"Ali Baba and the Forty Thieves" () is a folk tale added to the One Thousand and One Nights in the 18th century by its French translator Antoine Galland, who heard it from Syrian storyteller Hanna Diyab. As one of the most popular Arabian Nights tales, it has been widely retold and performed in many media across the world, especially for children (for whom the more violent aspects of the story are often suppressed).

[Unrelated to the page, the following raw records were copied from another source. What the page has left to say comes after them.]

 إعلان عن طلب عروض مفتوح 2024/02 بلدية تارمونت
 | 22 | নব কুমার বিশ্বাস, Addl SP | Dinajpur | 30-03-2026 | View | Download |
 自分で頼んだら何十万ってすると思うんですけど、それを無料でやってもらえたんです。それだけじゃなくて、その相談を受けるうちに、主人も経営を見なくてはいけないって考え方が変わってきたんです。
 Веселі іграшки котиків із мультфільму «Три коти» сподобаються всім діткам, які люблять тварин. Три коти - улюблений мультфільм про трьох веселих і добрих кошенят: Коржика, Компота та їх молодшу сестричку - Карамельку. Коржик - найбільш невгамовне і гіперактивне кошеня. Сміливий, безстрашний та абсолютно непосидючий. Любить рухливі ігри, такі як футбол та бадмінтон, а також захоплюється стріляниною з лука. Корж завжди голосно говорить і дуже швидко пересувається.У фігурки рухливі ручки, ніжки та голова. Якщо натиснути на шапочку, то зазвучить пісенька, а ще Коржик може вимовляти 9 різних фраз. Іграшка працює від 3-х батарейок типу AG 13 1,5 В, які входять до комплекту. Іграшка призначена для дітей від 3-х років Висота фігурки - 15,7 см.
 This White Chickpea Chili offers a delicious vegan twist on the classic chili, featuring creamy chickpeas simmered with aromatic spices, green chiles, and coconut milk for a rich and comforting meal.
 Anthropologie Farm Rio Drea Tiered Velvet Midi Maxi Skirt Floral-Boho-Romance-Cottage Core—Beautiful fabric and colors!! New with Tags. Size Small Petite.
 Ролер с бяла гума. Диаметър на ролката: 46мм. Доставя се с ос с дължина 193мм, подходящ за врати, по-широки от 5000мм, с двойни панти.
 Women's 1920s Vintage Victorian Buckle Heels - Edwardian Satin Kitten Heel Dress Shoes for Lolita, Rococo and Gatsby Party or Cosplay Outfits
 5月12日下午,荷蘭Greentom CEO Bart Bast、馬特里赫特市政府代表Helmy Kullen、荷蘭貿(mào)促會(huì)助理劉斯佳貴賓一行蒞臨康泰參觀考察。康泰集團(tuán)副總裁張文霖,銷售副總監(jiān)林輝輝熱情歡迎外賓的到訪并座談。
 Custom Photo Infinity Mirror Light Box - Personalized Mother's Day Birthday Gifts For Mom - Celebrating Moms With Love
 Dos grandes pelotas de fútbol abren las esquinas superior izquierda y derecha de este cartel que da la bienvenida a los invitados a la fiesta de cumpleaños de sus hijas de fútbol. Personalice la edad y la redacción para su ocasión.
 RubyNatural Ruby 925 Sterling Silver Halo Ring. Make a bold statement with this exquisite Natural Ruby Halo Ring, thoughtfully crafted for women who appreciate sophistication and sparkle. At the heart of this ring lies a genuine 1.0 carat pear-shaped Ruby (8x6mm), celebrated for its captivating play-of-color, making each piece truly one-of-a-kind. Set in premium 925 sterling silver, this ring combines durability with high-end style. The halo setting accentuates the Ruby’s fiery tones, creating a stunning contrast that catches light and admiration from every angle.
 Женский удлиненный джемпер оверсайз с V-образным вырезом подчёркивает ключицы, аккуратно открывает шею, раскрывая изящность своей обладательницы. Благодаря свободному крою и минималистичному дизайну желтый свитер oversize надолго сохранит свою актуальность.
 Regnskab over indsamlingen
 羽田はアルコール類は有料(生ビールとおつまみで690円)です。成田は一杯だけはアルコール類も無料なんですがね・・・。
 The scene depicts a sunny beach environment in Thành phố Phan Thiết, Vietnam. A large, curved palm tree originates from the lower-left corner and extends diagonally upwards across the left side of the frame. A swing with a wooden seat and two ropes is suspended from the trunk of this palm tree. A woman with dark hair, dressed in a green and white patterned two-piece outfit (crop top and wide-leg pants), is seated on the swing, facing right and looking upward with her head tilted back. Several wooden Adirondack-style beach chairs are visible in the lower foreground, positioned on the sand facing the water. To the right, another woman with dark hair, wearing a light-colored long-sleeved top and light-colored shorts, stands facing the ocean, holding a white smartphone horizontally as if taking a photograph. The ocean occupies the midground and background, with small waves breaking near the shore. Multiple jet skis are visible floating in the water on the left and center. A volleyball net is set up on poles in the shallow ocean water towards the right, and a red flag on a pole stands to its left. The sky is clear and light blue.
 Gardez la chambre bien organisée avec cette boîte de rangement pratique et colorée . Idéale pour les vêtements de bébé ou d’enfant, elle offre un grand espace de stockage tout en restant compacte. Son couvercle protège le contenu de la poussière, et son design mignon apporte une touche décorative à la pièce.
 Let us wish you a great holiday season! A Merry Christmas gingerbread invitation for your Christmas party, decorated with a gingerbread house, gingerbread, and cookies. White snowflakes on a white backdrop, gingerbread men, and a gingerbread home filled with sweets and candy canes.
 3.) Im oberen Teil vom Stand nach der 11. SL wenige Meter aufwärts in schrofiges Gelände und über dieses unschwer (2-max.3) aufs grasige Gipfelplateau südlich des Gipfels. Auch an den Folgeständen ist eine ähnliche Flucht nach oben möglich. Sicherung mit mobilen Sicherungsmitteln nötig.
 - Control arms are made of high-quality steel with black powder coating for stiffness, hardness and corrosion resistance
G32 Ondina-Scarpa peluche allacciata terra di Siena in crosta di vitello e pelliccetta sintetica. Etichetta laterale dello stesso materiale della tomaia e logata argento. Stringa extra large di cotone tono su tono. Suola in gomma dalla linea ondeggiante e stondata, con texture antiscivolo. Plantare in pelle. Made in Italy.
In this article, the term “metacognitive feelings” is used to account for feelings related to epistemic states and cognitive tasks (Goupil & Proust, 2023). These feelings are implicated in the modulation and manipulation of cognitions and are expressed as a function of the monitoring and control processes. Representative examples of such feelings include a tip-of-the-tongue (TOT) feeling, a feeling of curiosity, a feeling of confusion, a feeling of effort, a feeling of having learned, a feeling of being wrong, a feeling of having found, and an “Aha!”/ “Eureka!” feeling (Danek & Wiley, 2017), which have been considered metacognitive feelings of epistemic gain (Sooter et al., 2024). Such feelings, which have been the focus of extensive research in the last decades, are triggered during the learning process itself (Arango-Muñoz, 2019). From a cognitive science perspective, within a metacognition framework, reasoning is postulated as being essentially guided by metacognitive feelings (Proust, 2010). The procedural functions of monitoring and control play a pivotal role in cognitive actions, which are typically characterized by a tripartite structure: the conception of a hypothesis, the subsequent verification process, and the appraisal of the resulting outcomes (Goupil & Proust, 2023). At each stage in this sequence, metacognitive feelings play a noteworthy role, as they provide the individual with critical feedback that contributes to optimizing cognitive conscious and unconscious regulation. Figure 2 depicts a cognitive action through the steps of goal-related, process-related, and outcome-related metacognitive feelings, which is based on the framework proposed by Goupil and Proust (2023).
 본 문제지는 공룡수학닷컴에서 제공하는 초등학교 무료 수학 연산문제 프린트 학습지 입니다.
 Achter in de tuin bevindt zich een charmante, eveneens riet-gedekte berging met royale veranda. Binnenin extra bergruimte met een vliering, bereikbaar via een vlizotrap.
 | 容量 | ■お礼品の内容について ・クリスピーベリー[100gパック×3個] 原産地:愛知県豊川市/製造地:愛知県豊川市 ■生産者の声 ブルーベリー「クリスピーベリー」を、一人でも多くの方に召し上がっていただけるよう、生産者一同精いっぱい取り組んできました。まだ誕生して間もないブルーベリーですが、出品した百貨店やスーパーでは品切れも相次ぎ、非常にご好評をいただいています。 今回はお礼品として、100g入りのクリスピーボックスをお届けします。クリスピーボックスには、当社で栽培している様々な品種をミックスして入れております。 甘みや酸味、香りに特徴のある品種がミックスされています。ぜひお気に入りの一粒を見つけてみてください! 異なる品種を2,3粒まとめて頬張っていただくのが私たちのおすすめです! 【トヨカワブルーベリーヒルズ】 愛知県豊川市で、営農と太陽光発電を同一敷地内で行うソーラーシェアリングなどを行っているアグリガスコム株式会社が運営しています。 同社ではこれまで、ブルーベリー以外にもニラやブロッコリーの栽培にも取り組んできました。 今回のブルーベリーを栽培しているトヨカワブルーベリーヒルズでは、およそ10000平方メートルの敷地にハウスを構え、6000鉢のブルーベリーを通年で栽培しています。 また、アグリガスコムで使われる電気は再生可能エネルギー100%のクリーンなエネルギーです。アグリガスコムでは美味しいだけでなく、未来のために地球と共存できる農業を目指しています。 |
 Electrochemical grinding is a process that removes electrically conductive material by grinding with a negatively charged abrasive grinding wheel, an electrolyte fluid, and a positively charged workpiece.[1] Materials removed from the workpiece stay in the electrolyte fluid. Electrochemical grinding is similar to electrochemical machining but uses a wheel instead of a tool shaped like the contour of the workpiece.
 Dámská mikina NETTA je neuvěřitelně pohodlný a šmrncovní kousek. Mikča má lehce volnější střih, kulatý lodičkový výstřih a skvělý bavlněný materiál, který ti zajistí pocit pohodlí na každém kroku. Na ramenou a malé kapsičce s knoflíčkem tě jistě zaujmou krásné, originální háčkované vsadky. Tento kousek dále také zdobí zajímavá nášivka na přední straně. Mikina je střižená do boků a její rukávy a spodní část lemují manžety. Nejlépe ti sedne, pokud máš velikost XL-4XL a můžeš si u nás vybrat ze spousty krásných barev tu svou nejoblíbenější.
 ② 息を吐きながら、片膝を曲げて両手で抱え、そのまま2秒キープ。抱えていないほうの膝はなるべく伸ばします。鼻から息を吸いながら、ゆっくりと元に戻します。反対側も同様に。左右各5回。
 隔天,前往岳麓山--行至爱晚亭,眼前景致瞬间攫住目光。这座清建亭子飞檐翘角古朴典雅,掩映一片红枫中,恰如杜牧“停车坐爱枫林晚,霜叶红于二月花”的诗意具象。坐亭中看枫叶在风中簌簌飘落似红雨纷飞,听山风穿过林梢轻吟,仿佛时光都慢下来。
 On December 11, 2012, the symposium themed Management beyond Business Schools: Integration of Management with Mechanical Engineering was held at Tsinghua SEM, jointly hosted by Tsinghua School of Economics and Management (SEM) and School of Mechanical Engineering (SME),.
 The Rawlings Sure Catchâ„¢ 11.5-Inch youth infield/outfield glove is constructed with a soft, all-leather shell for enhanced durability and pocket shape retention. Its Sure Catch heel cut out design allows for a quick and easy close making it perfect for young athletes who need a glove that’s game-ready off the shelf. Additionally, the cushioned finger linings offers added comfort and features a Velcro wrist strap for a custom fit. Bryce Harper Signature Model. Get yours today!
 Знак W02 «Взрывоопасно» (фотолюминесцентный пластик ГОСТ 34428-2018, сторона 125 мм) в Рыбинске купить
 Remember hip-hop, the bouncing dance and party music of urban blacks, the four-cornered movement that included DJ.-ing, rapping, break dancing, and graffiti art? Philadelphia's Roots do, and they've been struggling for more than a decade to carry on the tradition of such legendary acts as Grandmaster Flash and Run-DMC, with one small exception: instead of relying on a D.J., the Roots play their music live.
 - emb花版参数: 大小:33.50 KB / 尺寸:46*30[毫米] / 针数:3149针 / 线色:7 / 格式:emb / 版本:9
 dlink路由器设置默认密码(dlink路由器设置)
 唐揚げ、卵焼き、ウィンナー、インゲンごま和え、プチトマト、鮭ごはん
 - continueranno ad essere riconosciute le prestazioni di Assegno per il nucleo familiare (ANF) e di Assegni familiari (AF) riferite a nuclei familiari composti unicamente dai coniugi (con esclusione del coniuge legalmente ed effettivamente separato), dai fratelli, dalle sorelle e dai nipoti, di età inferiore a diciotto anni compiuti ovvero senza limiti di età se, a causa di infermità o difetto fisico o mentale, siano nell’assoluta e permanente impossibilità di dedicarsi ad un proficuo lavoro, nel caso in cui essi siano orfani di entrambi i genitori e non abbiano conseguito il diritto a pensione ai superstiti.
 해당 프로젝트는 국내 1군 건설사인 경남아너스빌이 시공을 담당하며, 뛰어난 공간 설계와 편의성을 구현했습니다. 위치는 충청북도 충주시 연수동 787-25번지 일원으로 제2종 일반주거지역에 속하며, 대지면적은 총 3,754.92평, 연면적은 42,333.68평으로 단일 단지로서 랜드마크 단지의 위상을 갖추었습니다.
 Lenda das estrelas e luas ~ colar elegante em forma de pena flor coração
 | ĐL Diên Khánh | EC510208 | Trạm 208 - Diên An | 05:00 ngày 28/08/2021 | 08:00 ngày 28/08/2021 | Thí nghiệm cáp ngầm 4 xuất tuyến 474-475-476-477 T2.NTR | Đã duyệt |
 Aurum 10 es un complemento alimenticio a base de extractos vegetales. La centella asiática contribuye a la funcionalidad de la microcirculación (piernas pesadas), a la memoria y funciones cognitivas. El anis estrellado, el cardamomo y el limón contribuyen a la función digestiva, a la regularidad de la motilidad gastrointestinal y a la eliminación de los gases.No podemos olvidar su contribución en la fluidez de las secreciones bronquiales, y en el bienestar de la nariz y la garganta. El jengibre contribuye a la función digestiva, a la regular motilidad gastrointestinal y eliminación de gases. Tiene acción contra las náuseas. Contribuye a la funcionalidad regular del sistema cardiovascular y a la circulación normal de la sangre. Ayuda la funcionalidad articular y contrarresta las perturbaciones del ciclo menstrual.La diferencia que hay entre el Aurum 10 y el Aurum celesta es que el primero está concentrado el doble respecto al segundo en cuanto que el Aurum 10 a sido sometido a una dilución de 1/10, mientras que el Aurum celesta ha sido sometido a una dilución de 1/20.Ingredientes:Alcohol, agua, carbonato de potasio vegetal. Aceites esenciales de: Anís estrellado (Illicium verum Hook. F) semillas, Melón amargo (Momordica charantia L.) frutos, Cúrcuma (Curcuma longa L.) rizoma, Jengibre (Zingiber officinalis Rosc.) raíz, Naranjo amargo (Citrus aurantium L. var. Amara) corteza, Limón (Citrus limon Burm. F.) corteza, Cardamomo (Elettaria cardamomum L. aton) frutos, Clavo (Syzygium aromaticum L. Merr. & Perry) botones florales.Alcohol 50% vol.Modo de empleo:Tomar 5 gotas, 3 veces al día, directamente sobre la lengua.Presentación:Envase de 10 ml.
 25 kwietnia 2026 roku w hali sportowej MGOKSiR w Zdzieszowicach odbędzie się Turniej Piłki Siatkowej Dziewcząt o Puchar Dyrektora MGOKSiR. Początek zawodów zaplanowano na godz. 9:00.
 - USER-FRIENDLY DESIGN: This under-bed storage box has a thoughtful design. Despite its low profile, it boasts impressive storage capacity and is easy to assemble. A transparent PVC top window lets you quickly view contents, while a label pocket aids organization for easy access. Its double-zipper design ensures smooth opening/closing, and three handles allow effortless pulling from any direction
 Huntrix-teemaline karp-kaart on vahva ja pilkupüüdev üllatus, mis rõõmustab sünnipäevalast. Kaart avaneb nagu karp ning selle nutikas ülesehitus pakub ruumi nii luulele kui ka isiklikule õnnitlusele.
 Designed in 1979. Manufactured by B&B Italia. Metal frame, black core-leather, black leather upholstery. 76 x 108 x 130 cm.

In the original version, Ali Baba ( ) is a poor woodcutter and an honest person who discovers the secret of a thieves' den, and enters with the magic phrase "open sesame". The thieves try to kill Ali Baba, but Ali Baba's faithful slave-girl foils their plots. Ali Baba's son marries her and Ali Baba keeps the secret of the treasure.

Textual history
The tale was added to the story collection One Thousand and One Nights by one of its European translators, Antoine Galland, who called his volumes Les Mille et Une Nuits (1704–1717). Galland was an 18th-century French Orientalist who heard it in oral form from a Syrian Maronite story-teller, called Hanna Diyab, who came from Aleppo in modern-day Syria and told the story in Paris. In any case, the earliest known text of the story is Galland's French version. Richard F. Burton included it in the supplemental volumes (rather than the main collection of stories) of his translation (published as The Book of the Thousand Nights and a Night).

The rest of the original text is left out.